+++ Data provided

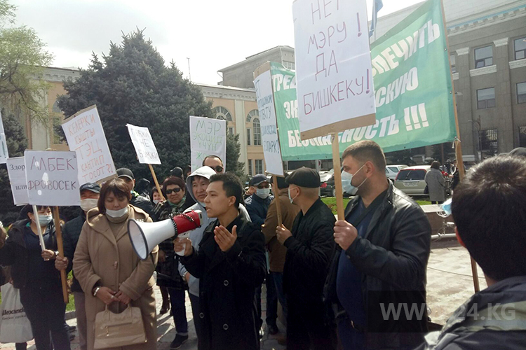 Жители Бишкека, собравшиеся на флэшмоб «Мы задыхаемся» у здания мэрии, требуют отставки градоначальника Албека Ибраимова. Они обвиняют власти в коррупции.
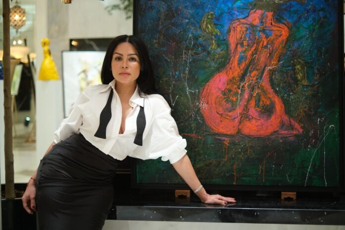 La muestra trasciende el formato expositivo tradicional para convertirse en una experiencia sensorial que integra artes plásticas, música y alta costura, reafirmando la fuerza del talento dominicano en los principales escenarios culturales del mundo. La exhibición reúne treinta obras, entre lienzos de gran formato, esculturas monumentales y una pieza única de alta costura pintada a mano, creada en colaboración con la reconocida diseñadora dominicana Giannina Azar, acompañada de joyería en larimar de Gisselle Mancebo y una banda sonora original de jazz compuesta por el músico Luis McDougal.
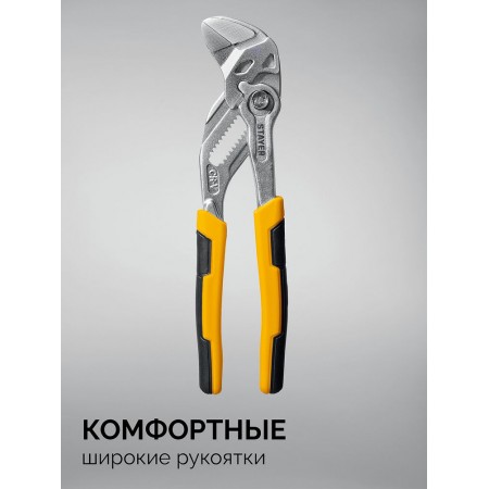 Клещи переставные-гаечный ключ – профессиональный инструмент с постоянно параллельными губкам. Заменит набор из всех ключей и обеспечит полную сохранность хромированного крепежа.
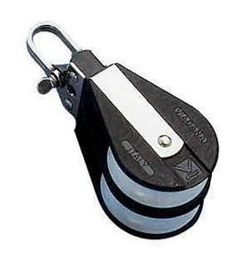 Bozzelli con sfere in acciaio inox serie rinforzata. Testa universale (tre posizioni) - in linea, trasversale, girevole Bozzello a puleggia doppia
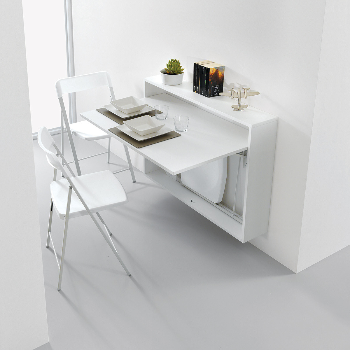 Bureau 0/87 Composizione 1 è il tavolo scrivania da parete con 3 sedie Zeta di Pezzani caratterizzato da un ingombro minimo chiuso (solo 20 cm di profondità) e realizzato in laminato Ecologico da 18 mm. Il vano interno può contenere fino a 3 sedie chiudibili Zeta (incluse nell'offerta) e può essere arricchita dalla libreria a muro 0/67 (opzionale) che ha la stessa larghezza e profondità. Può essere utilizzato come tavolo di servizio, scrivania, ed ogni altra necessità di appoggio temporaneo. Le 2 staffe in acciaio chiudibili che sostengono il ripiano sono molto robuste e funzionali, e consentono una portata di 20 kg. Sollevando il ripiano si bloccano automaticamente in posizione aperto e schiacciando contemporaneamente i 2 pulsanti, si sbloccano facilmente per chiudere il ripiano.
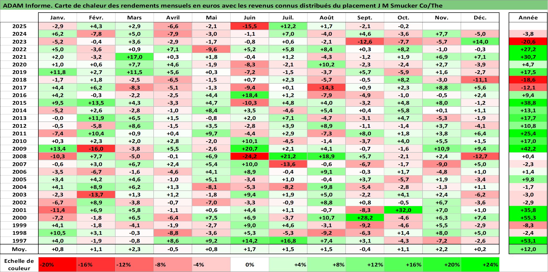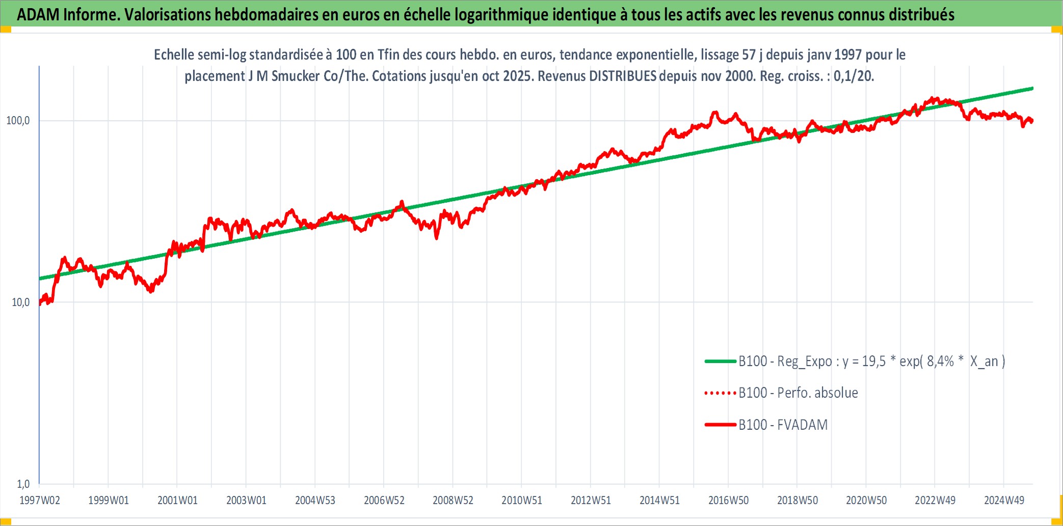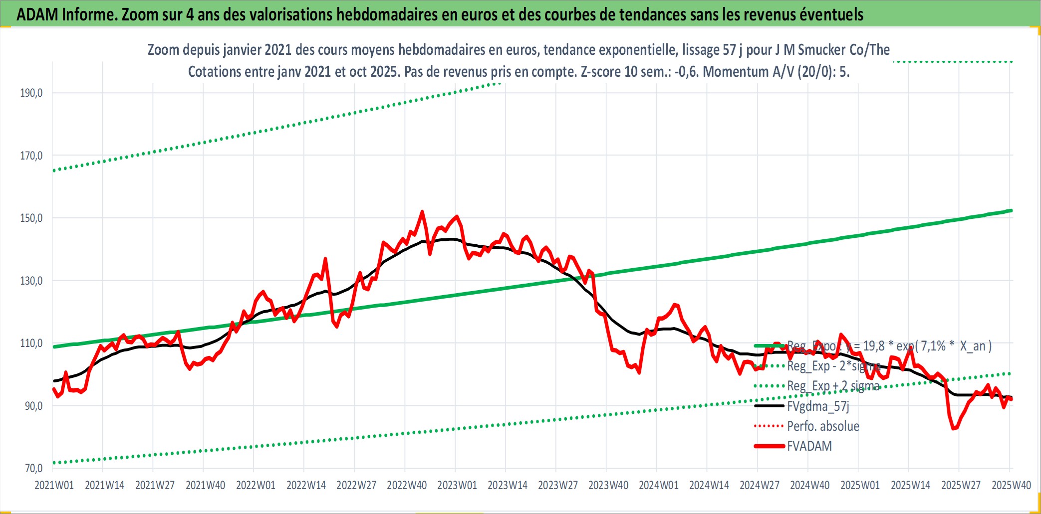 Site dédié aux investisseursPage dédiée sur site financeAnalyse des valorisations hebdomadaires de l'action J M Smucker Co/The. Cet actif est cote en USD. Les valorisations sont en contrevaleur EURO et couvrent les semaines 1997W01 a 2025W40. Les revenus de cet actif financier sont pris en compte depuis la semaine 2000W46. La note globale ESG de cet actif est estimee a 5.0 (apres rebasage entre 0 et 20).
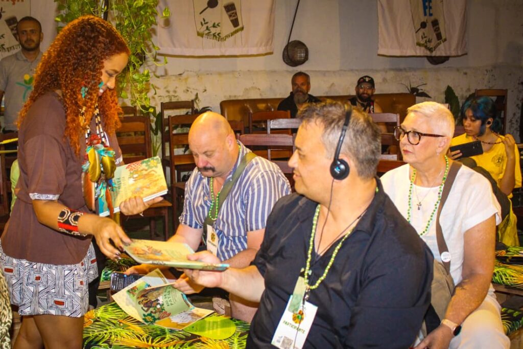 Já no Espaço Chico Mendes, o diálogo se voltou para as pautas de autonomia, defesa da floresta e justiça climática, conectando a experiência das coautoras às lutas mais amplas dos povos indígenas no Brasil.
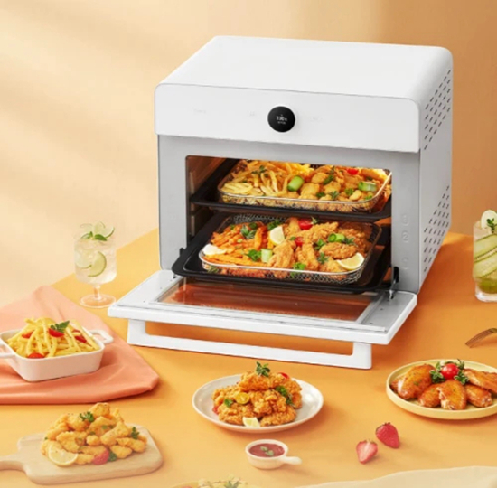 其次,30L超大容量也是它极具吸引力的优点之一,毕竟空气炸锅虽好,但其天生的小容量设置决定了它无法应对多人就餐的需求。米家智能空气炸烤箱就不一样了,30L的容量即便和正常的台式烤箱相比也毫不逊色,3层烤位,2层同出,3~8个人同时就餐都能轻松搞定。无论是大家庭还是聚会场景,都不必因为烹饪食物太少、太慢而捉襟见肘。
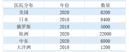 根據(jù)上圖所示,不完全統(tǒng)計(jì)表明2020年美國約有6200家醫(yī)院,歐洲約有22000家,中東約有6800家醫(yī)院,2018年日本有8400家醫(yī)院,大洋洲有1200家醫(yī)院,俄羅斯有5000家醫(yī)院。
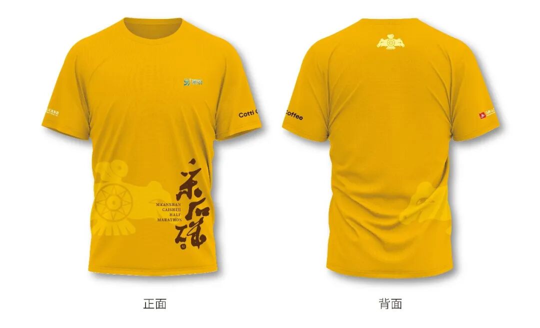 賽事服以黃色為主色調,傳遞活力與熱情。正面以凌家灘出土玉器之一——玉鷹為底紋,搭配采石磯元素與賽事名稱,彰顯地域文化交融;背面亦有玉鷹呼應。整體將凌家灘文化與馬拉松活力結合,既具運動時尚感,又承載深厚歷史底蘊,為跑者打造獨特參賽標識。
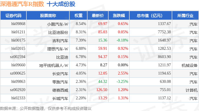 证券之星消息,12月22日,深港通汽车R(483039)指数报收于9287.53点,涨0.94%,成交579.95亿元,换手率2.82%。当日该指数成份股中,上涨的有92家,亚太股份以10.01%的涨幅领涨,下跌的有21家,航天智造以7.09%的跌幅领跌。
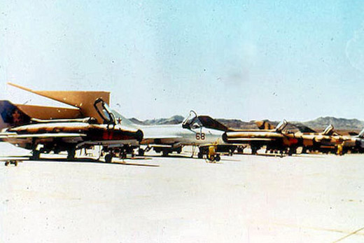 In addition, unconfirmed Soviet aircraft flown were MiG-25 Foxbat (YF-116); MiG-29 Fulcrum (YF-118) and Sukhoi Su-22 Fitter (YF-112). Aerial dogfights were staged between the various MiG models against virtually every fighter in US service, and against SAC’s B-52 Stratofortress and B-58 Hustlers to judge the ability of the bombers countermeasures systems, they performed radar cross-section and propulsion tests that contributed greatly to improvements in US aerial performance. All the models had quirks. The MiG-17 did not have an electric seat, so pilots had to use cushions to position themselves properly inside the cockpit. Both it and the MiG-21 had pneumatic brakes applied by squeezing a lever on the front of the stick. Many of the MiG-21s did not have steerable nose gears, making them difficult to taxi; the sign of a novice Fishbed pilot was the zigzag track he made while moving on the ground. If a pilot put the throttle back on a MiG-21, it would take a long time to spool up again when trying to accelerate. Thus many of those who flew it stayed on afterburners as much as possible. The MiG-23 did not have that problem, as it was designed for speed-but it was unstable and difficult to fly. None of the Soviet-designed aircraft at Tonopah flew in bad weather or at night. All were very short-legged, compared to contemporary US aircraft, and sorties were limited to 20 minutes or so. The MiGs had US airspeed indicators and a few other minor instrument and safety modifications. Other than that, they were stock-down to their Warsaw Pact paint jobs. The 4477th flew its last MiGs in 1990 and with the end of the Cold War was deactivated. In 2006, the Constant Peg program was declassified and the USAF held a series of press conferences about the former top secret US MiGs. It was revealed that the US MiGs flew more than 15,000 sorties and nearly 7,000 aircrew flew in training against dissimilar aggressors in the Nevada desert between 1980 and the end of the program in 1988. What was learned during these projects prompted the US Navy to commence Top Gun exercises first at NAS Miramar, California and then NAS Fallon, Nevada. Shortly thereafter the Air Force commenced its Red Flag exercises at Nellis AFB, Nevada. 1982-1992: F-117A DevelopmentBeginning in October 1979 Tonopah TR Airport was reconstructed and expanded. The 6,000 ft (1,829 m) runway was lengthened to 10,000 ft (3,048 m). Taxiways, a concrete apron, a large maintenance hangar, and a propane storage tank were added. Phase II of the expansion consisted of the construction of an extra taxiway, a new control tower, a 42,000-square-foot (3,900 m) hangar, a parts warehouse, a dining hall, a water storage tank, and extensive fuel storage tanks. Phase III expansion of the facility was a 2,000 ft (610 m) runway extension to a total length of 12,000 ft (3,658 m). Extensions were made to taxiways, the ramp, the runway gained arrester gear, and new navigation aids were installed. More fuel storage was provided, together with Liquid Oxygen (LOX) storage, a fire station, and the first 24 aircraft hangars. The cost was over $100 million. In May 1982, Tonopah Test Range became the home of the Air Force F-117 fleet. At the time the F-117 project was still highly classified, and Tonopah Test Range became a black project facility. Air Force personnel were shuttled from Las Vegas to TTR on contract Boeing 727 aircraft. The new F-117 fleet was considered for several high-profile military operations during the mid 1980s, but operations remained largely confined to nighttime flights around Nevada and California for a number of years. In November 1988 the Air Force formally acknowledged its F-117 activities at Tonopah, bringing what was a "black world" program into "gray world" status. However F-117 flight operations continued to be restricted to the nighttime hours. Late in 1989 the Air Force began preparations to lead the F-117 into regular Air Force operations. This would be done in two phases: first, bringing the aircraft under the umbrella of the Tactical Air Command, and second, locating the fleet at a regular Air Force base. The first phase came on October 5, 1989 when the 4450th Tactical Group was deactivated and the 37th Tactical Fighter Wing from George AFB was assigned to Tonopah. The Tactical Air Command (TAC) also activated the Det 1, 57 Fighter Weapons Wing (FWW) at Tonopah. During this phase, three pairs of F-117 aircraft left the TTR for Panama in December 1989 to participate in Operation JUST CAUSE. Only one mission with two F-117As was attempted. The second phase of real-world integration came in January 1990 with the announcement that the 37th TFW would move from Tonopah to Holloman AFB, New Mexico, which would ultimately be delayed due to the Gulf War. In April 1990, the F-117 was placed on public display at Nellis AFB and the Air Force mission at Tonopah Test Range became a mostly-unclassified "white world" program. Daytime F-117 flying operations began. Summer 1990 saw the peak of Air Force activity at the Tonopah Test Range Airport. After the Iraqi invasion of Kuwait the base was mobilized to support Desert Shield. On August 19, 1990, 22 F-117A's from the 415th and a dozen tankers left Tonopah for Langley AFB. A total of 18 F-117s would continue onward to Khamis Mushait Air Base in Saudi Arabia for Operation DESERT SHIELD, followed by hundreds of TTR support personnel. The planes and a contingent of Tonopah Test Range personnel remained in Saudi Arabia until late 1991. As a result of the deployment and the planned fleet relocation to New Mexico, flying operations and staffing at the TTR declined significantly after 1990. The official ceremony for the F-117A arrival at Holloman AFB came on May 9, 1992, setting into motion an exodus of Air Force activities at Tonopah. On June 1, 1992 Det 1, 57 FWW moved from Tonopah to Holloman AFB. On July 8, the 37th FW was inactivated and the 415th FS, 416th FS, and 417th FS had all become part of the 
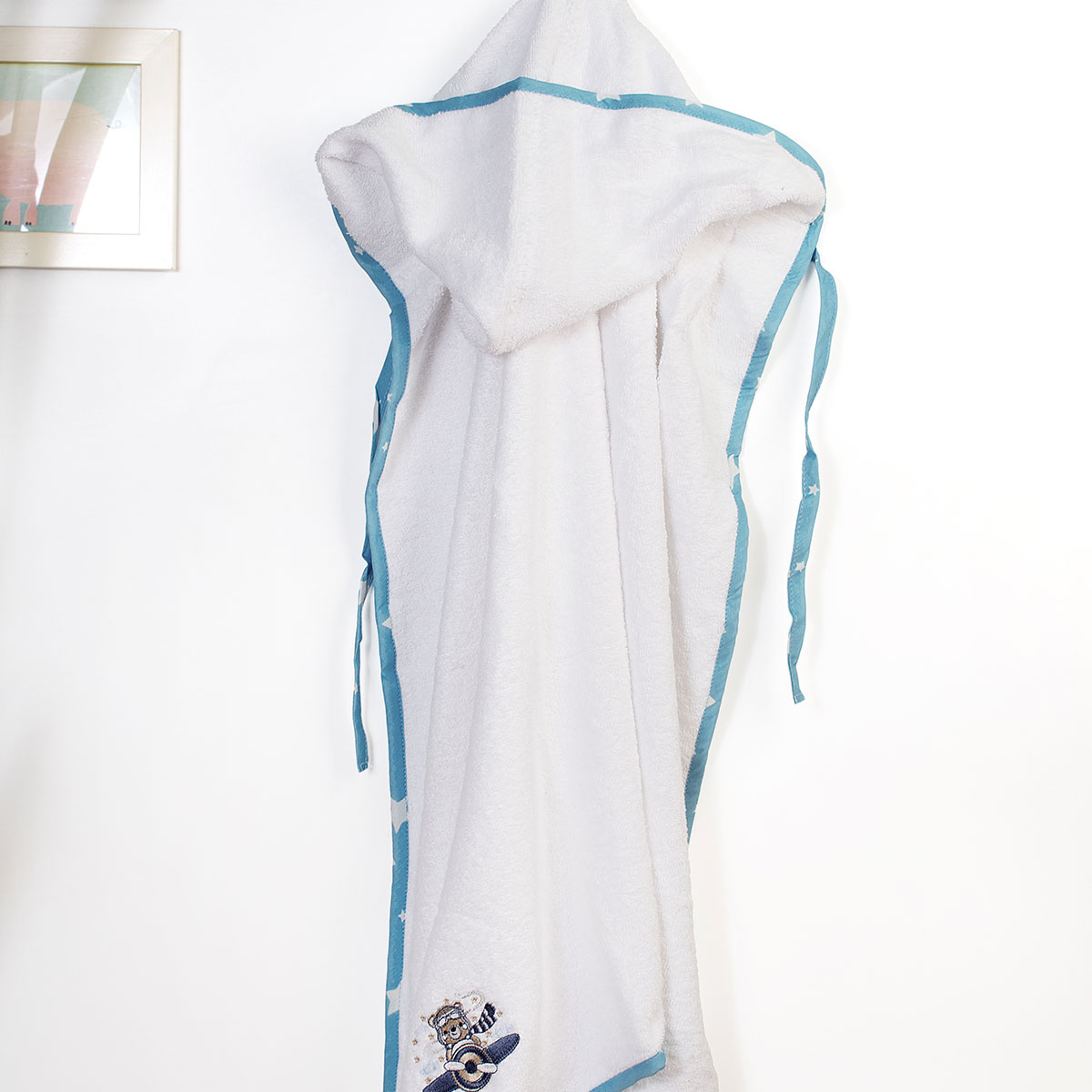 Βρεφική κάπα από την εταιρεία Dimcol, σε λευκό χρώμα με αρκουδάκι στο σχέδιο. Είναι κατασκευασμένη από 100% βαμβάκι βάρους 400γραμ./τ.μ. Έχει υφασμάτινο περιμετρικό ρέλι σε γαλάζιο χρώμα με αστεράκια σχέδιο. Ξεχωρίζει για την υψηλή της απορροφητικότητα και την εξαιρετική της ποιότητα. Ιδανική για μετά το μπάνιο του μωρού σας. Συνδυάστε τη με τα υπόλοιπα είδη της σειράς. Συσκευασία κουτί.

++++++

Using the data above, return the lines from the one holding "Site dédié aux" through the one holding "证券之星消息,12月22日,深港通汽车R" exactly, but not the pictures.

 Site dédié aux investisseursPage dédiée sur site financeAnalyse des valorisations hebdomadaires de l'action J M Smucker Co/The. Cet actif est cote en USD. Les valorisations sont en contrevaleur EURO et couvrent les semaines 1997W01 a 2025W40. Les revenus de cet actif financier sont pris en compte depuis la semaine 2000W46. La note globale ESG de cet actif est estimee a 5.0 (apres rebasage entre 0 et 20).
 Já no Espaço Chico Mendes, o diálogo se voltou para as pautas de autonomia, defesa da floresta e justiça climática, conectando a experiência das coautoras às lutas mais amplas dos povos indígenas no Brasil.
 其次,30L超大容量也是它极具吸引力的优点之一,毕竟空气炸锅虽好,但其天生的小容量设置决定了它无法应对多人就餐的需求。米家智能空气炸烤箱就不一样了,30L的容量即便和正常的台式烤箱相比也毫不逊色,3层烤位,2层同出,3~8个人同时就餐都能轻松搞定。无论是大家庭还是聚会场景,都不必因为烹饪食物太少、太慢而捉襟见肘。
 根據(jù)上圖所示,不完全統(tǒng)計(jì)表明2020年美國約有6200家醫(yī)院,歐洲約有22000家,中東約有6800家醫(yī)院,2018年日本有8400家醫(yī)院,大洋洲有1200家醫(yī)院,俄羅斯有5000家醫(yī)院。
 賽事服以黃色為主色調,傳遞活力與熱情。正面以凌家灘出土玉器之一——玉鷹為底紋,搭配采石磯元素與賽事名稱,彰顯地域文化交融;背面亦有玉鷹呼應。整體將凌家灘文化與馬拉松活力結合,既具運動時尚感,又承載深厚歷史底蘊,為跑者打造獨特參賽標識。
 证券之星消息,12月22日,深港通汽车R(483039)指数报收于9287.53点,涨0.94%,成交579.95亿元,换手率2.82%。当日该指数成份股中,上涨的有92家,亚太股份以10.01%的涨幅领涨,下跌的有21家,航天智造以7.09%的跌幅领跌。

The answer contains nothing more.